O Fluminense viveu momentos de tensão em solo argentino ao enfrentar o Platense pela Libertadores. Apesar de carregar uma vantagem confortável de dois gols construída no jogo de ida, a equipe carioca foi testada ao limite pela intensidade do adversário. O confronto serviu como um alerta importante sobre a necessidade de equilibrar o talento técnico com a entrega física exigida em competições continentais de alto nível.
No primeiro tempo, o cenário foi de amplo domínio dos donos da casa, que sufocaram o Tricolor com uma marcação alta e jogo vertical. Com mais de 60% de posse de bola e dez finalizações, o Platense expôs as dificuldades de uma formação brasileira que se mostrou pouco competitiva para o clima hostil de Buenos Aires. A passividade defensiva quase custou a classificação que parecia encaminhada.

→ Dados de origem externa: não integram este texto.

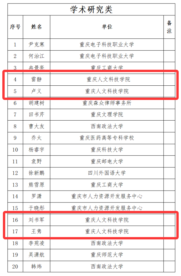 【喜报】学院四名教师入选重庆市人力资源服务业领军人才培养计划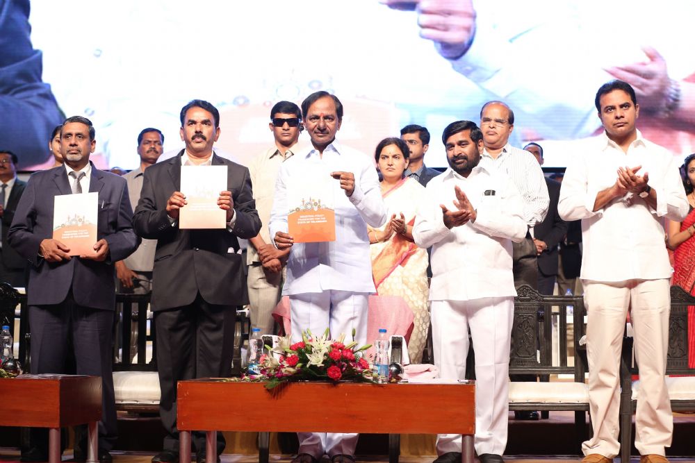 Chief Minister K. Chandrashekhar Rao launching Telangana Industrial Policy 2015 at HICC on June 12, 2015.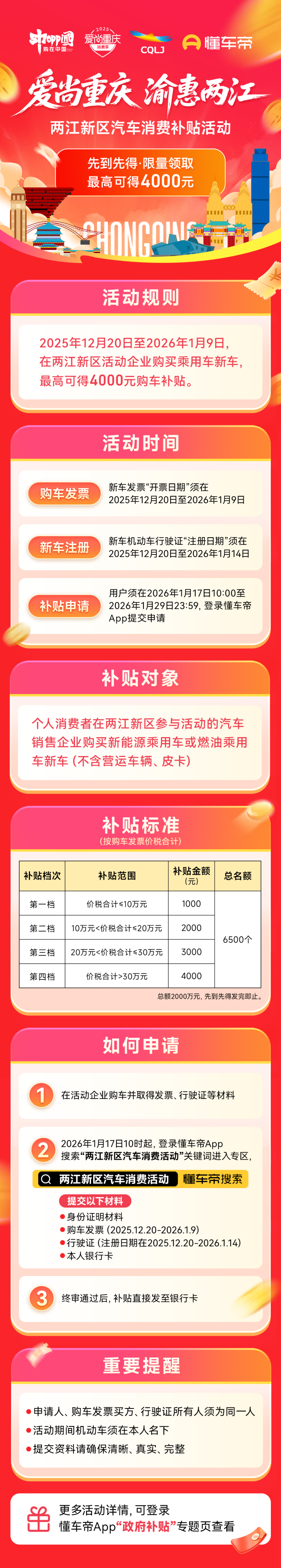 12月20日,两江新区“爱尚重庆 渝惠两江”汽车消费活动正式上线,将面向个人消费者发放总计2000万元购车补贴。2025年12月20日至2026年1月9日,在两江新区汽车零售企业购买乘用车(新车)并完成登记上牌;即可在2026年1月17日至2026年1月29日期间,通过“懂车帝”App政府补贴活动页面或搜索“两江新区汽车消费活动”,申请最高4000元购车优惠补贴。

Domínio argentino e fragilidade defensiva no primeiro tempo
A escalação inicial do Fluminense apresentou dificuldades claras de recomposição defensiva. Jogadores como Soteldo, Hulk e Ganso encontraram barreiras para conter o ritmo intenso imposto pelo Platense, resultando em espaços perigosos no setor de meio-campo. A falta de combatividade permitiu que o adversário controlasse as ações e ditasse o ritmo da partida desde os minutos iniciais.
A lateral esquerda tornou-se o caminho preferencial do ataque argentino, onde Mainero levou vantagem constante nos duelos individuais. Os dois gols do Platense surgiram justamente por aquele setor: o primeiro após uma triangulação rápida que desestruturou a zaga e o segundo em um cruzamento preciso para a finalização de cabeça de Sepúlveda, inflamando a torcida local.
Ajustes táticos e o papel decisivo de Hulk na Libertadores
O intervalo foi fundamental para a reorganização da equipe comandada pelo técnico tricolor. No segundo tempo, o Fluminense conseguiu ajustar a marcação no lado esquerdo e passou a controlar melhor as investidas adversárias, aproveitando também o desgaste físico natural do time argentino após o esforço hercúleo da etapa inicial.
Com a defesa mais sólida, a bola começou a chegar com qualidade ao ataque, permitindo que Hulk exercesse seu papel de protagonista. Em uma jogada de transição rápida e contra-ataque perfeito, o atacante serviu Canobbio, que demonstrou frieza ao driblar o marcador e descontar o placar. O gol foi um balde de água fria nas pretensões do Platense e garantiu o respiro necessário para a equipe brasileira.
Lições de competitividade para a sequência do torneio
Apesar da pressão final exercida pelo Platense, que buscou o gol de empate até os acréscimos, o Fluminense demonstrou maturidade para resistir e assegurar a vaga na semifinal. A partida deixou claro que a superioridade técnica, isoladamente, não garante sucesso na CONMEBOL Libertadores, exigindo um nível de entrega e competitividade constante durante os 90 minutos.
O roteiro do jogo assemelhou-se a outros confrontos recentes entre brasileiros e equipes sul-americanas, reforçando a tese de que o torneio pune severamente a passividade. Para o Fluminense, o susto na Argentina serve como o combustível necessário para as fases decisivas, onde a margem de erro é inexistente e o espírito de luta deve estar alinhado à qualidade técnica do elenco.